Judgment vacated and case remanded for a new trial or other further proceedings.
ALEX V. HERNANDEZ, MARK G. CALIFANO, Assistant United States Attorneys, Bridgeport, CT (Stephen C. Robinson, United States Attorney for the District of Connecticut, on the brief), for Appellee.
DAVID A. LEWIS, New York, NY (The Legal Aid Society, Federal Defender Division, Appeals Bureau, on the brief), for Defendant-Appellant.
Before: JACOBS, CALABRESI and STRAUB, Circuit Judges.
JACOBS, Circuit Judge:
Alexander Rogers was convicted by a jury in the United States District Court for the District of Connecticut (Dorsey, J.) of conspiracy to possess cocaine with intent to distribute, in violation of 21 U.S.C. 846. Between conviction and sentencing, Rogers discovered that his appointed defense counsel was serving as a City of New Haven police commissioner, and raised the issue of conflicted interest, asking that his counsel be dismissed. The district court denied Rogers's request and proceeded to sentencing.
On appeal, Rogers's new counsel argues that the conviction must be vacated and the case remanded for a new trial because the district court knew before trial that Rogers's appointed counsel was a New Haven police commissioner, ignored the conflict issue, and did not inform Rogers of it. We agree.
Rogers's appointed trial counsel, Jonathan J. Einhorn, was simultaneously serving as one of six New Haven police commissioners whose role it is (i) to approve the police budget, (ii) to consult with the police chief about the department, (iii) to work with the police chief to make departmental rules and regulations, and to make and evaluate departmental policy, and (iv) to appoint, promote and remove police officers.
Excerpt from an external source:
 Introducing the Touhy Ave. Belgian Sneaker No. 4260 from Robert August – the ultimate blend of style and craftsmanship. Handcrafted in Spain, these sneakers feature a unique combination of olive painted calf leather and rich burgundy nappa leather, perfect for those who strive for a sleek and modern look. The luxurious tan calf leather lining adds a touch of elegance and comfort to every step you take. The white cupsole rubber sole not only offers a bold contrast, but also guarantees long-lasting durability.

We recount only the events and circumstances that may bear upon the conflict claim and that provide essential context.
A. Offense, Search, Arrest and Indictment.
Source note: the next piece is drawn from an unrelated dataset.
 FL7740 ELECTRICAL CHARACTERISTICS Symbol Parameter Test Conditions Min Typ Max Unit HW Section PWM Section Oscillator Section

On September 24, 1996, federal agents and officers from the New Haven Police Department appeared at Rogers's apartment in New Haven to execute arrest warrants for Gordon Lauria, Marcos Pappas and Alfred "Chicky" Bellucci. Rogers advised that he was alone and allowed Special Agent Michael Wardrop of the United States Drug Enforcement Administration to walk through the apartment (at his request) in order to confirm that no one else was there. Agent Wardrop found no one else, but as he walked around the apartment he spotted a closed-circuit television system, a pipe and a bottle of inositol, one use of which is to dilute cocaine.
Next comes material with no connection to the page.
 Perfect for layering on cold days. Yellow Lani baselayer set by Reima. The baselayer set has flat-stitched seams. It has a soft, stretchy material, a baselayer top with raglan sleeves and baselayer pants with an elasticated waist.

Meanwhile, the same arrest warrants were being executed in a bar beneath Rogers's apartment, called Nancy's Caf. After the two law enforcement groups consulted about their results, Agent Wardrop presented Rogers with a search consent form, which Rogers eventually signed after speaking with several of the agents and police officers. The search yielded a television monitor and four closed-circuit cameras, plastic sandwich bags, inositol, a police scanner, night-vision goggles, cheesecloth, high-power firecrackers, a pipe, silicate packaging and white powder that later tested positive for cocaine. Rogers was arrested.
Rogers, Lauria and Pappas were indicted for conspiracy to possess and distribute cocaine from December 1994 through September 24, 1996. The indictment also charged that Lauria and Pappas conspired to and (with Bellucci) did retaliate against a government witness.
B. Motion to Suppress and Trial.
The case proceeded to a joint trial against Rogers, Lauria and Pappas. Bellucci pled guilty to retaliating against a witness and cooperated with the government.
In a pre-trial motion to suppress the evidence seized from his apartment, Rogers argued that the search consent form was signed under duress exerted by the police. The district court did not credit Rogers's testimony, and denied the motion.
At trial, the following four government witnesses testified against Rogers:
1. Ronald Fassett, who agreed to cooperate with the government after pleading guilty to another drug conspiracy, testified that Lauria sometimes instructed him to get drugs from Rogers's apartment, where he would meet Rogers or other men named Gary or Eddie, and where he saw Lauria and Pappas "rerocking" (or cutting) cocaine while Rogers was on watch at the closed-circuit television cameras.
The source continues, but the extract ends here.